Beyond Parham, less than two miles to the east, is Storrington, a quiet Sussex village far from the rail and the noise of the world, with the Downs within hail, and fine sparsely-inhabited country between them and it to wander in. The church is largely modern. I find the following sententious paragraph in the county paper for 1792:--"This is an age of _Sights_ and _polite entertainment_ in the country as well as in the city.--The little town of _Storrington_ has lately been visited by a _Company of Comedians_,--_a Mountebank Doctor_,--and a _Puppet Show_. One day the Doctor's _Jack Pudding_ finding the shillings come in but slowly, exclaimed to his Master, 'Gad, Sir, it is not worth _our_ while to stay here any longer, _players_ have got all the _gold_, _we_ all the _silver_, and _Punch_ all the _copper_, so, like sagacious locusts, let us migrate from the place we helped to impoverish."

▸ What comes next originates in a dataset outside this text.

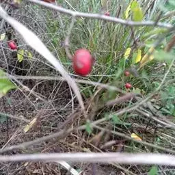 果实近球形或梨形,果形较大,直径可达2.5厘米,深亮红色,有浅色斑点;小核3-5,外面稍具稜,内面两侧平滑;萼片脱落很迟,先端留一圆形深洼。花期5-6月,果期9-10月。

[Illustration: _Amberley Church._]

[Sidenote: A TRAVELLING CIRCUS]

[Sidenote: A TIME-HONOURED JOKE]

This reminds me that I saw recently at Petworth, whither we are now moving, a travelling circus whose programme included a comic interlude that cannot have received the slightest modification since it was first planned, perhaps hundreds of years ago. It was sheer essential elemental horse-play straight from Bartholomew Fair, and the audience received it with rapture that was vouchsafed to nothing else. The story would be too long to tell; but briefly, it was a dumb show representation of the visit of a guest (the clown) to a wife, unknown to her husband. The scenery consisted of a table, a large chest, a heap of straw and a huge barrel. The fun consisted in the clown, armed with a bladder on a string, hiding in the barrel, from which he would spring up and deliver a sounding drub upon the head of whatever other character--husband or policeman--might be passing, to their complete perplexity. They were, of course, incapable of learning anything from experience. At other times he hid himself or others in the straw, in the chest, or under the table. When, in a country district such as this, one hears the laughter that greets so venerable a piece of pantomime, one is surprised that circus owners think it worth while to secure novelties at all. The primitive taste of West Sussex, at any rate, cannot require them.